A few years ago, the paper did a story on a groom who had refused to marry his fiancee because her family wouldn't give him an appliance he wanted. Their story -- under the headline "Do you want a wife or a TV?" -- got huge attention. Today the couple are happily married and joke about the incident.

The 4-cent cover price for Khabar Lahariya may seem like a pittance. But here in rural Uttar Pradesh state, where poverty is widespread and Internet use is not, this often represents a huge sum.

Sometimes the staff members barter copies of the newspaper for food or firewood.

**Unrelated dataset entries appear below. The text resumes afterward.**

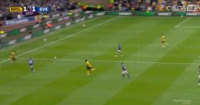 第20分钟,狼队扳平比分!穆内西右路下底传到禁区点球点附近黄喜灿抽射破门,狼队1-1埃弗顿。↓
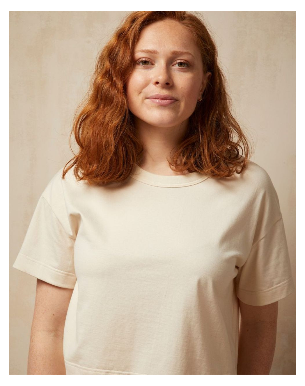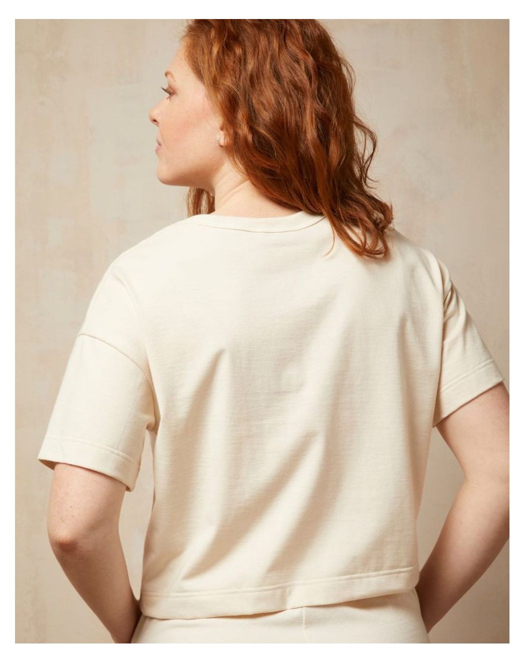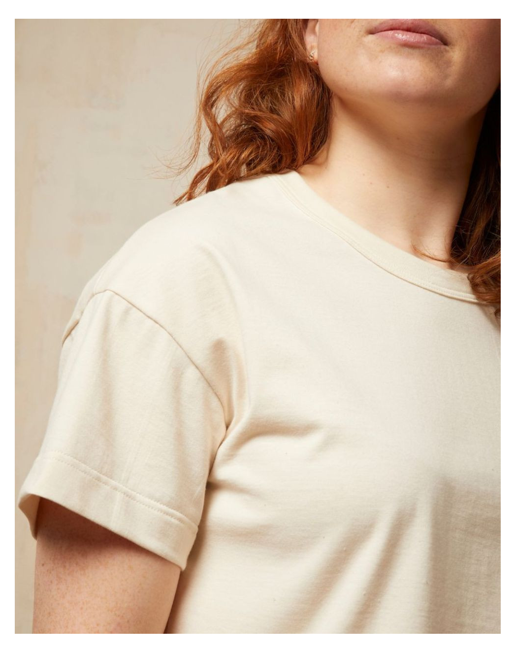 Tricoté en France dans un jersey de coton biologique de 180g/m², Yina allie légèreté et tenue. Ses manches raglants offrent une liberté de mouvement exceptionnelle tout en dessinant une ligne d'épaule structurée et élégante. La maille jersey, travaillée avec précision, garantit une résistance au fil des lavages sans sacrifier la douceur qui caresse la peau. Sa teinte apporte une chaleur subtile qui met en valeur toutes les carnations, idéale pour composer des ensembles aux accents bohèmes raffinés.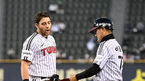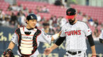 [OSEN=잠실, 이대선 기자] 9일 오후 서울 잠실야구장에서 ‘2023 신한은행 SOL KBO리그’ LG 트윈스와 키움 히어로즈의 경기가 열렸다.3회초 수비를 마친 LG 박동원과 플럿코가 더그아웃으로 향하며 인사를 하고 있다. 2023.05.09 /sunday@os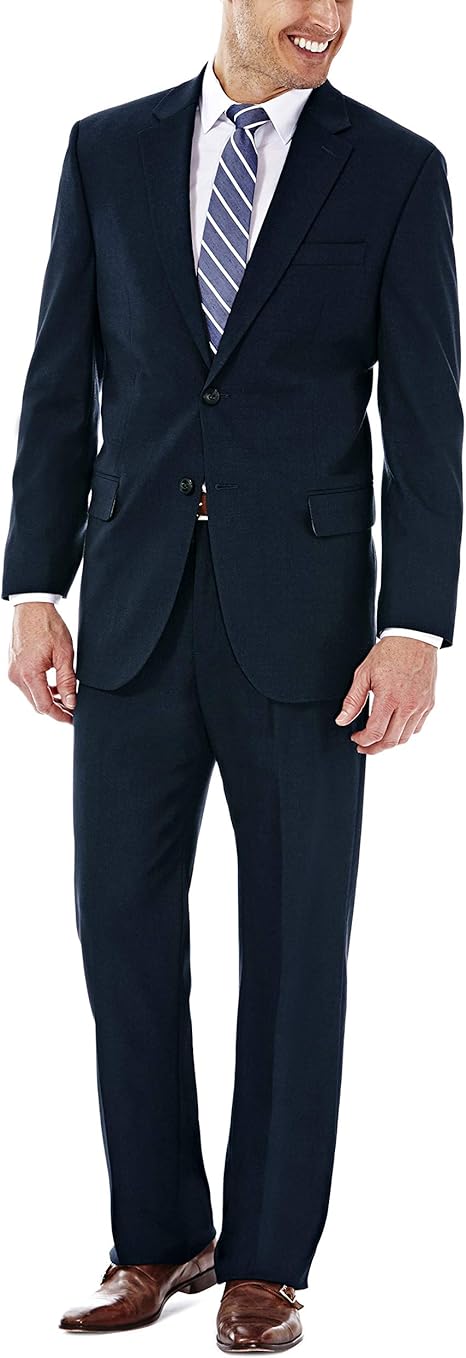 Haggar Men's Premium Performance Stretch Stria Suit Jacket and Pants Classic FIt

They might even give away free copies if someone is impoverished but seems particularly interested.

Staff members estimate that each of the 4,000 weekly copies is read by, or to, at least 10 other people, a function of the area's limited literacy and extreme poverty.

The newsstand price covers less than 20% of the operation's $67,000 annual operating budget. The difference is covered by Nirantar, a New Delhi-based civic group specializing in gender, literacy and development issues. The group conceived of the project and believes it can serve as a model for other communities in India. A few weeks ago, the project won a UNESCO literacy prize.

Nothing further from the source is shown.